> EXERCISE INSTRUCTIONS: Retype the lines below exactly, but only those from the line that has "Key secondary efficacy" through the line that has "余った肉じゃがの水気をきってスライスチーズをのせ、春巻きの皮で巻く". Omit every picture.

(Records excerpted from a collection)

Content starts

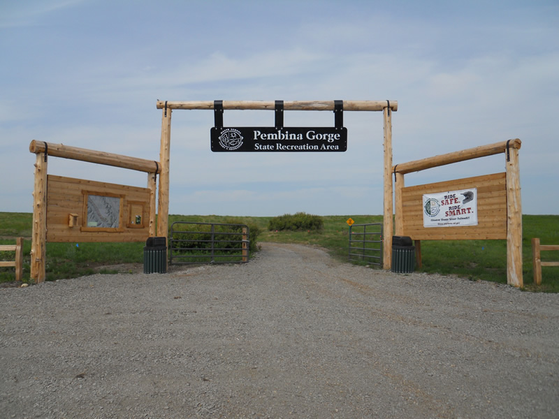 Snowmobilers also find this an exciting vacation spot. The Pembina Gorge Trail System has over 450 miles of state groomed trails. The views along these trails are anything but ordinary. When one thinks of the flat, open lands of the region, these hilly and mountainous areas are breathtaking in the winter season, with warming houses stationed along the trail system. The Pembina Gorge System was developed by the Northeast Snowmobile Club Association. The Northeast Snowmobile Association has an annual ride "The Snowfest", which is always held on the Martin Luther King weekend.
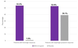 Key secondary efficacy endpoints, such as deep histologic response (≤1 eos/hpf), histologic response (≤15 eos/hpf), reduction in EREFS score, and maximum peak eosinophil count, also favored BOS over placebo. Additionally, BOS-treated patients showed greater reductions EoEHSS scores compared to placebo.
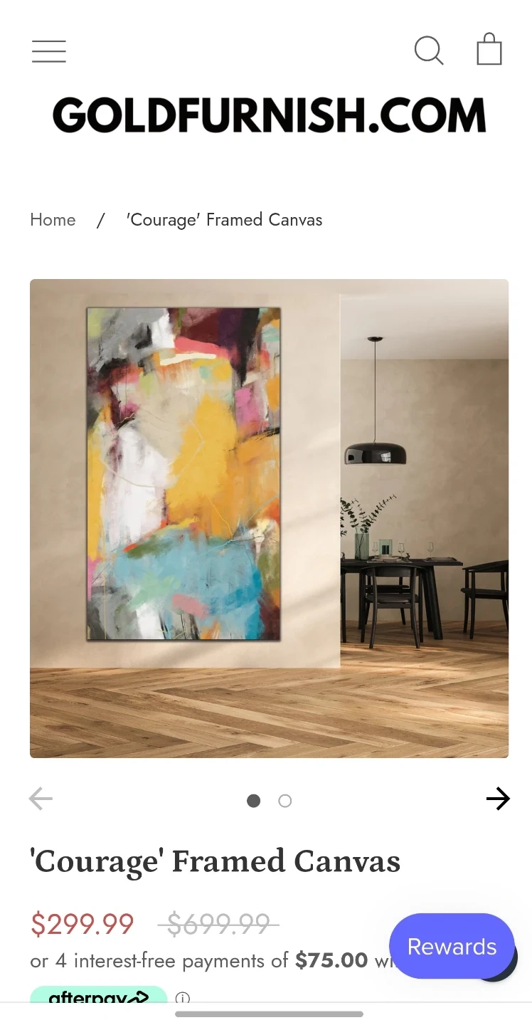 This is the 'Courage' framed PRINTED canvas art. It's 60 inches high by 40 inches wide. It features an abstract design with vibrant colours. It's perfect for adding a modern touch to your living space!
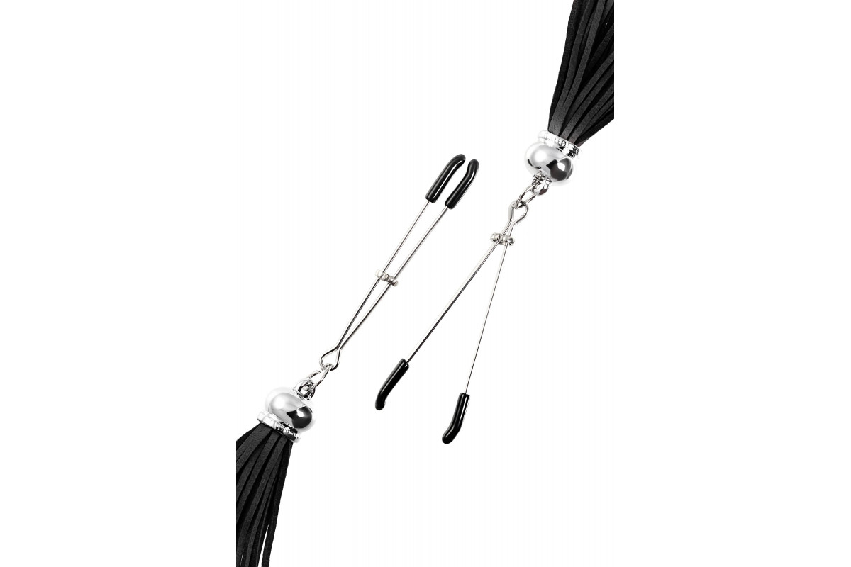 Зажимы на соски «Вилки» с черными кисточками из замши
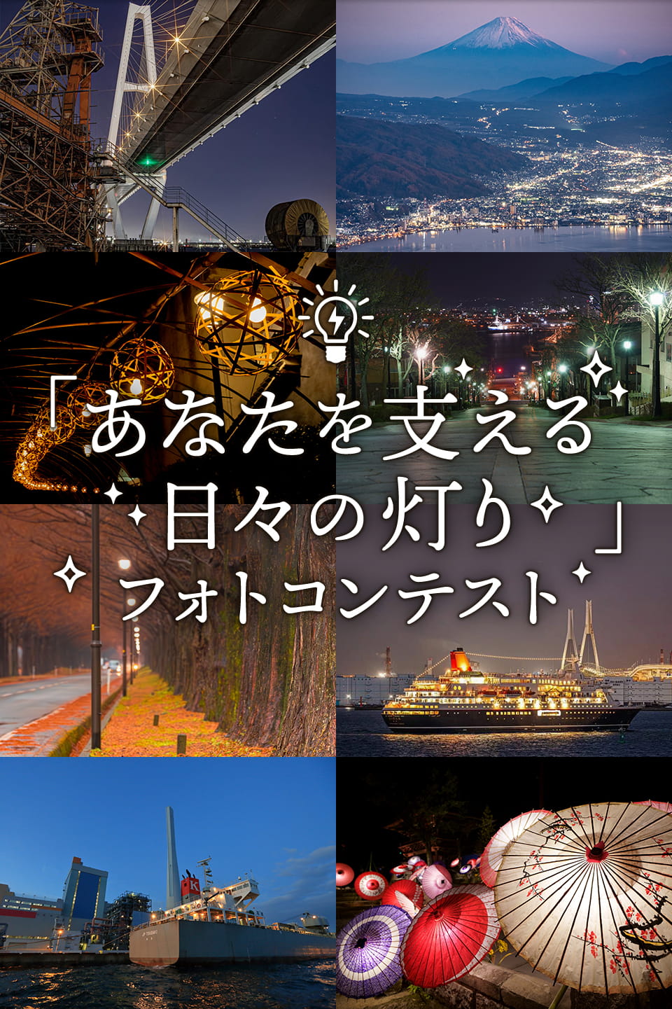 高台から見える夜景や温かみのある街灯、風情あるライトアップなど、あなたの日常を支える灯りの写真をお送りください。
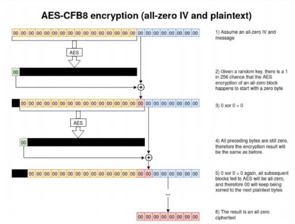 全零IV会出什么问题? 256个密钥中有一个,就会应用AES-CFB8加密然后导致全零密文。
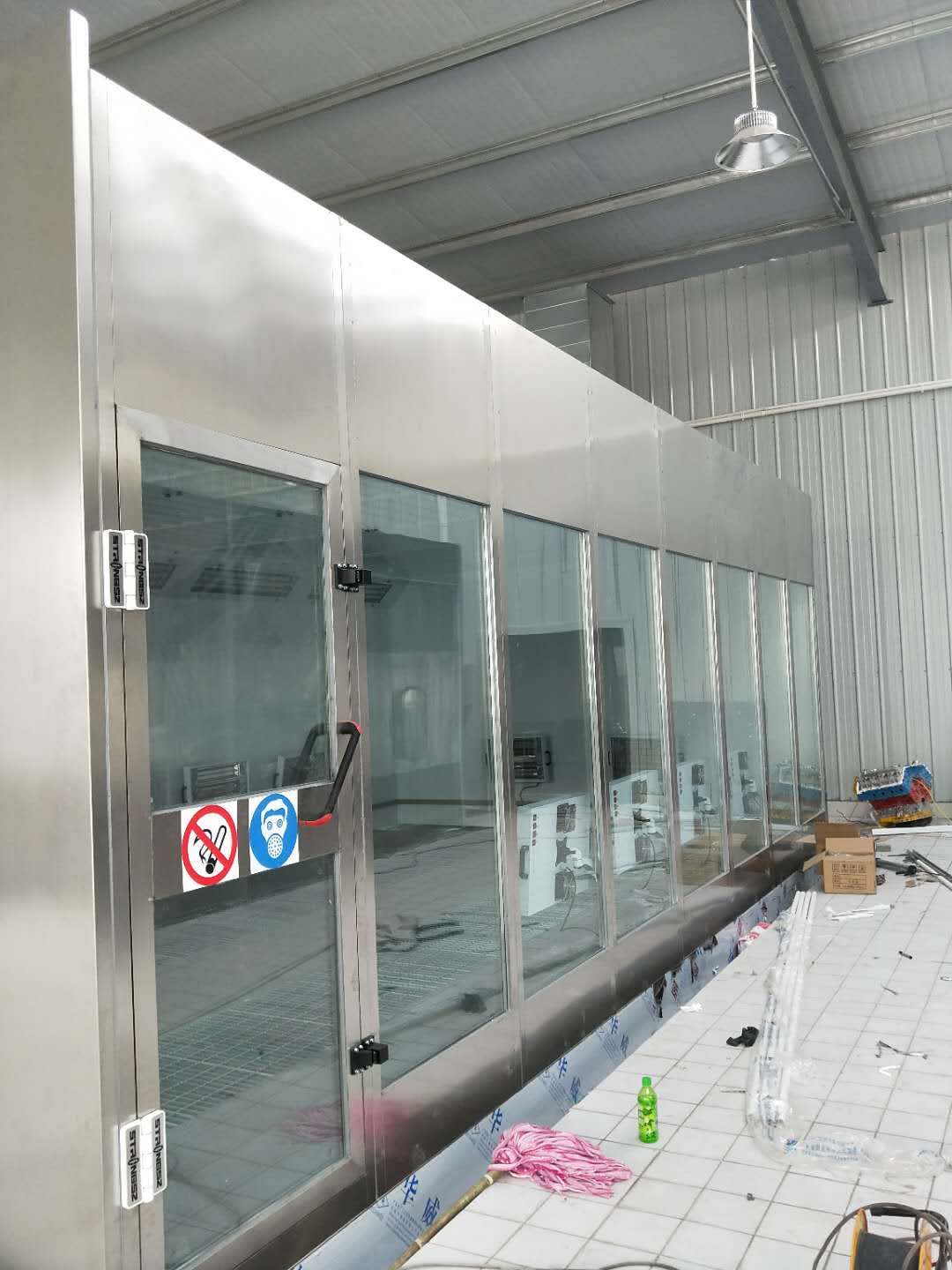 側(cè)置或后置排風(fēng),三面巖棉板,前面四扇不銹鋼黑鈦金落地玻璃大門,玻璃采用雙層中孔夾膠鋼化玻璃。外掛式烤燈(雙開門),配內(nèi)外斜1米地臺,305格柵14塊,不銹鋼圍板。配YDW系列11kw雙進(jìn)風(fēng)離心排風(fēng)機(jī)1臺,帶G4光氧和活性炭環(huán)保,加大集氣箱,延長耗材更換時間。
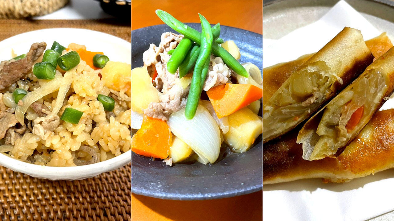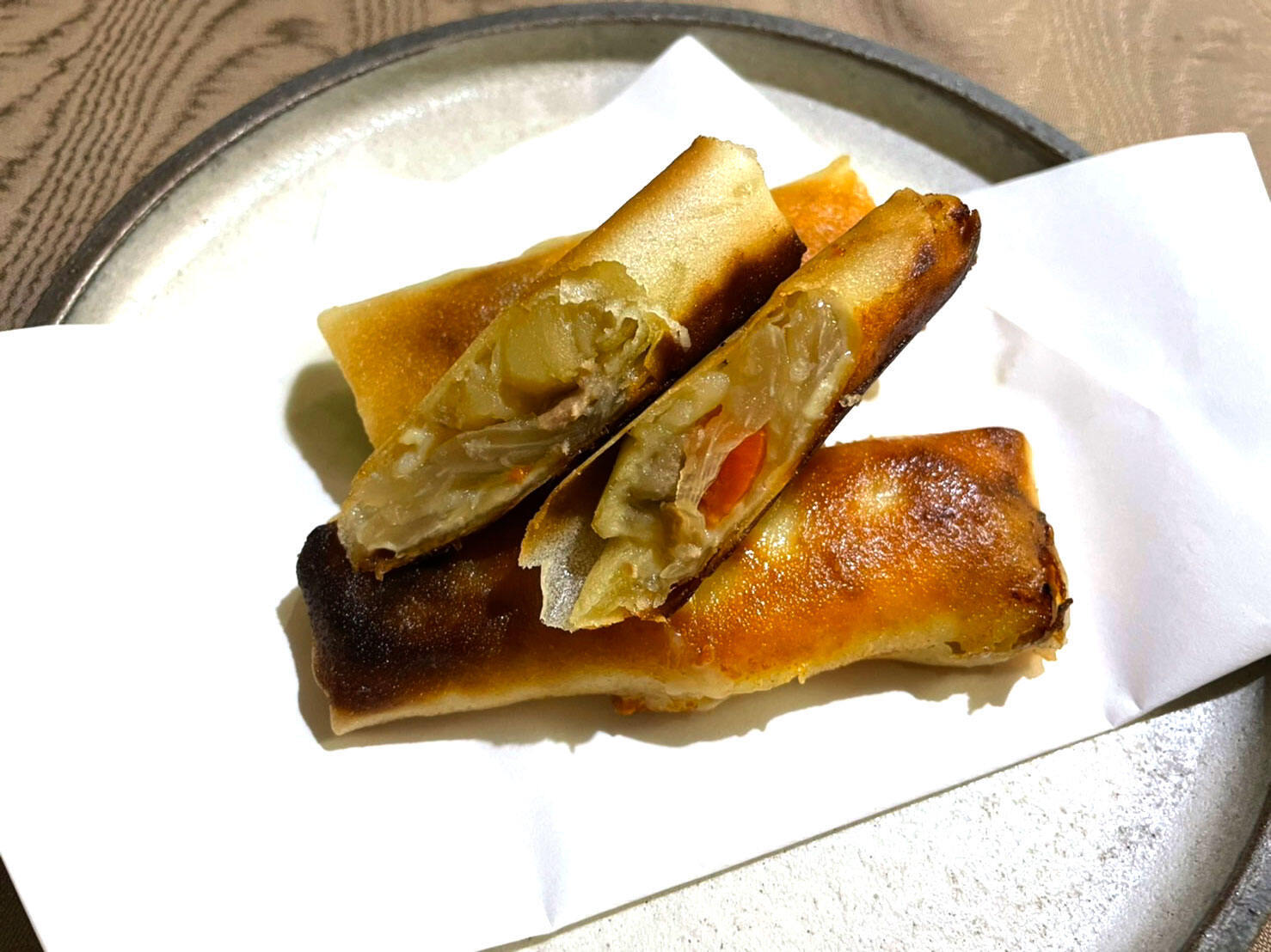 余った肉じゃがの水気をきってスライスチーズをのせ、春巻きの皮で巻く
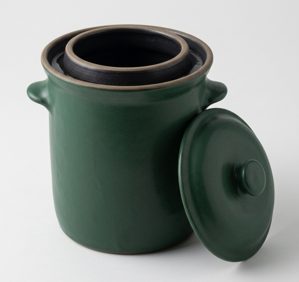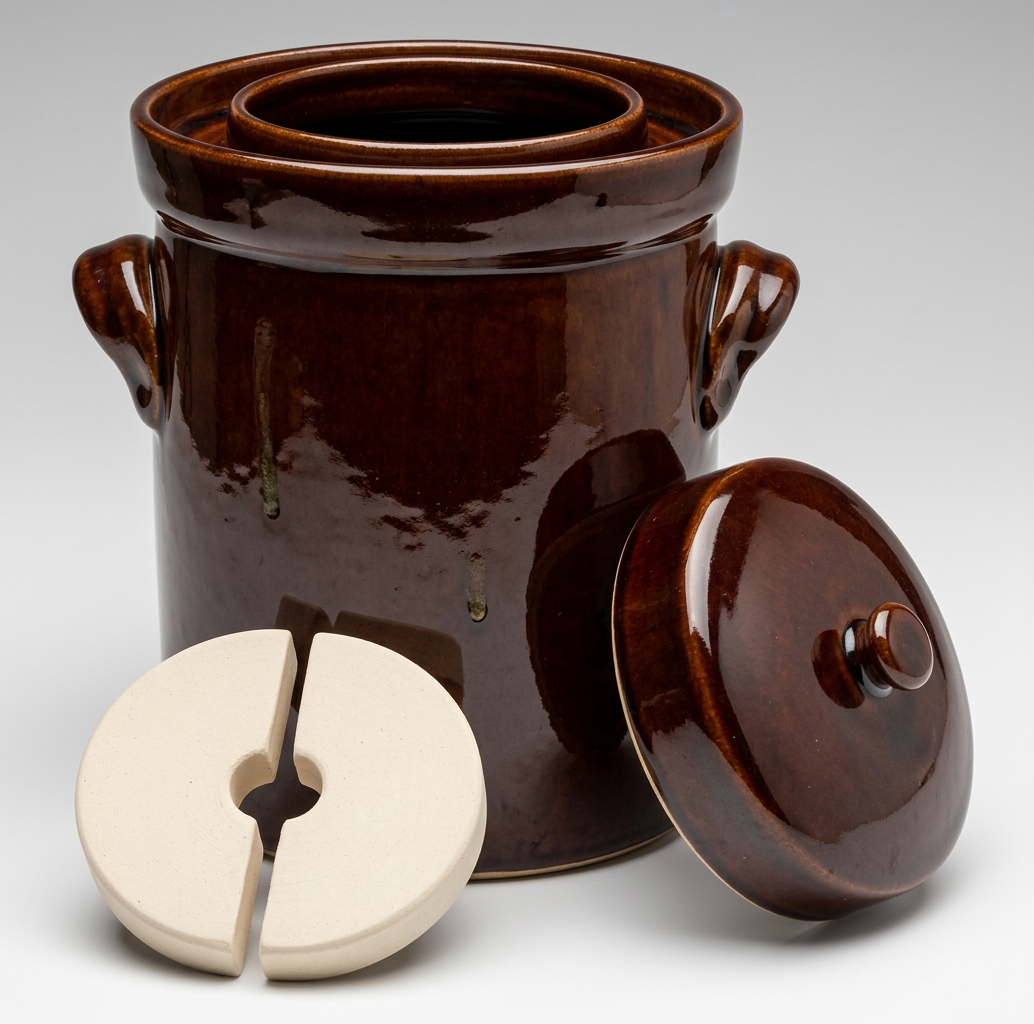 Cuando descubrí este elemento comprendí lo importante que era para los alemanes hacer mucha verdura fermentada. Si quieres tener sauerkraut disponible para todo el año, no puedes funcionar con botes de conservas (aunque sean de dos litros). Esta olla de fermentación (Gärtopf la llaman los alemanes) es el dispositivo perfecto para fermentar grandes cantidades y que no se estropee la verdura. Como en España es muy difícil encontrarla, la pedí a Amazón.de (Alemania). Están hechas de gres cocido a 1260 grados centígrados y son especiales porque se han fabricado sin plomo, puesto que este metal resultaría venenoso para usos culinarios. La que yo compré tiene una capacidad de 7 litros, lo que permite meter 4 repollos medianos un poco justos. Hay otras capacidades. Puedes verla en este enlace.

Content ends

> RESPONSE FOR THIS EXERCISE:
 Key secondary efficacy endpoints, such as deep histologic response (≤1 eos/hpf), histologic response (≤15 eos/hpf), reduction in EREFS score, and maximum peak eosinophil count, also favored BOS over placebo. Additionally, BOS-treated patients showed greater reductions EoEHSS scores compared to placebo.
 This is the 'Courage' framed PRINTED canvas art. It's 60 inches high by 40 inches wide. It features an abstract design with vibrant colours. It's perfect for adding a modern touch to your living space!
 Зажимы на соски «Вилки» с черными кисточками из замши
 高台から見える夜景や温かみのある街灯、風情あるライトアップなど、あなたの日常を支える灯りの写真をお送りください。
 全零IV会出什么问题? 256个密钥中有一个,就会应用AES-CFB8加密然后导致全零密文。
 側(cè)置或后置排風(fēng),三面巖棉板,前面四扇不銹鋼黑鈦金落地玻璃大門,玻璃采用雙層中孔夾膠鋼化玻璃。外掛式烤燈(雙開門),配內(nèi)外斜1米地臺,305格柵14塊,不銹鋼圍板。配YDW系列11kw雙進(jìn)風(fēng)離心排風(fēng)機(jī)1臺,帶G4光氧和活性炭環(huán)保,加大集氣箱,延長耗材更換時間。
 余った肉じゃがの水気をきってスライスチーズをのせ、春巻きの皮で巻く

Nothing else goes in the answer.